La decisión adoptada por la Unesco en Nairobi de considerar el flamenco patrimonio inmaterial de la humanidad --una candidatura presentada por Extremadura, Andalucía y Murcia, tres comunidades en las que forma parte importante de su paisaje cultural-- constituye el justo reconocimiento internacional a un arte que, por su hondura y por su capacidad para expresar los sentimientos del alma humana, ha trascendido las fronteras y se ha convertido en una de las señas de identidad más poderosas de nuestra cultura. El flamenco hace tiempo que abandonó los circuitos cerrados de una raza y ya es universal porque su arrebato lo es; su dolor, lo es; su alegría, lo es, y porque los conciertos y actuaciones de artistas y bailaores flamencos se han ido abriendo paso hasta formar parte de las programaciones de los escenarios más importantes del mundo.
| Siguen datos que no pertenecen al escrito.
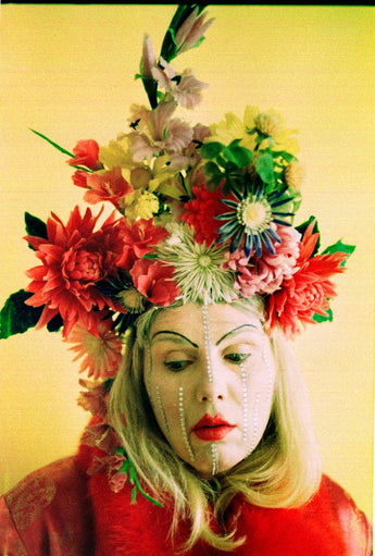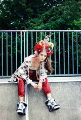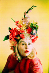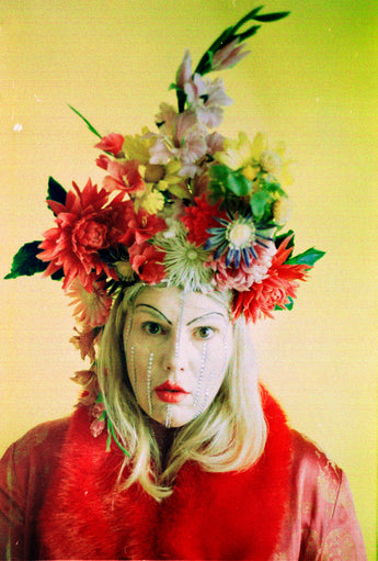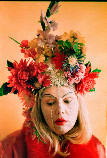 Priscilla Queen of the Desert inspired headdress made from vintage 50s and 60s RARE plastic flowers. ABSOLUTE showstopper of a piece using a mixture of plastic flowers and roses and foliage. The back of the headdress is also filled with flowers so can be worn the opposite way round if desired. Arranged on a stiffened felt base and elasticated with thin elastic which sits at the nape of the neck for stability and comfort.

En este sentido, no le hacía falta el reconocimiento de tan alta institución para que los ojos de la música, de la gran música, se posaran en el flamenco y la tuvieran por una de las suyas.

Pero ese galardón que le regala la Unesco --olé por ella-- es una ocasión para acabar de saltar los diques y llegar al gran público; es la oportunidad para seguir ahondando en su carácter mestizo, en su fácil mezcla, un canto a la diversidad, al acogimiento, al lenguaje universal de los sentimientos.